Part 1: The hole!
Generally, when I go sailing, I acquire a greater appreciation for the many small things around me. The rhythm that comes from a gently rolling sailboat with nothing but an occasional sail flapping in the wind or water lapping against the bow to break the near silence, affords an inner calm that means small local details can fill the space vacated by the usual worldly minutiae. It’s not unusual to find oneself observing the patterns of the waves, the gradation of the light across distant clouds and the patterns made by birds in flight, which affords them a level of importance in my world, not afforded to them when I’m on land doing my day things (at least not before my conversion to Eco Warrior status).
There is an enforced rhythmic change that is beyond self control – it just happens. I love that state.
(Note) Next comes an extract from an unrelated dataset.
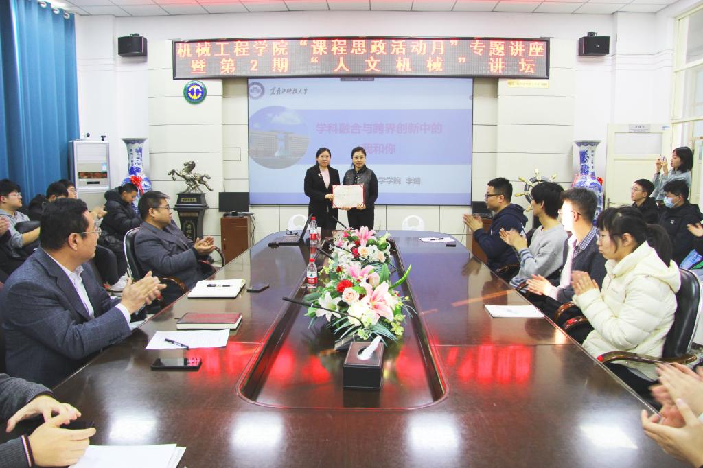 08/ 2023-12机械工程学院举办“课程思政活动月”专题讲座暨第2期“人文机械”讲坛12月7日下午,机械工程学院在学院二楼会议室举办“课程思政活动月”专题讲座暨第2期“人文机械”讲坛。邀请全省优秀教师、全省师德先进个人、省一流本科课程负责人、人文社会科学学院汉语言文学系主任李璐主讲。学院班子成员、部分教师和学生通过线上线下结合方式聆听了讲座。讲座伊始,由学院院长唐庆菊为李璐老师颁发了“人文机械”讲坛特聘专家聘书;之后李璐老师以“学科融合与跨界创新中的我和你”为题,从人类探索太空的...

I tend to play on it to move my thoughts to whatever I choose to think about, not what I have to think about and to do so in a more focused and relaxed way. After a while I can appreciate the colors of the waves while contemplating the greater significance of the most important things in my more normal world. I like this sort of introspection. I like the time I get to appreciate things previously left in limbo or unrecognized. I can’t tell you it leads to sweeping changes (there aren’t too many egg sandwich and caffeinated coffee life shifts available), but it definitely leads to a fuller appreciation of what means most to me and how wrong some of my priorities can sometimes be.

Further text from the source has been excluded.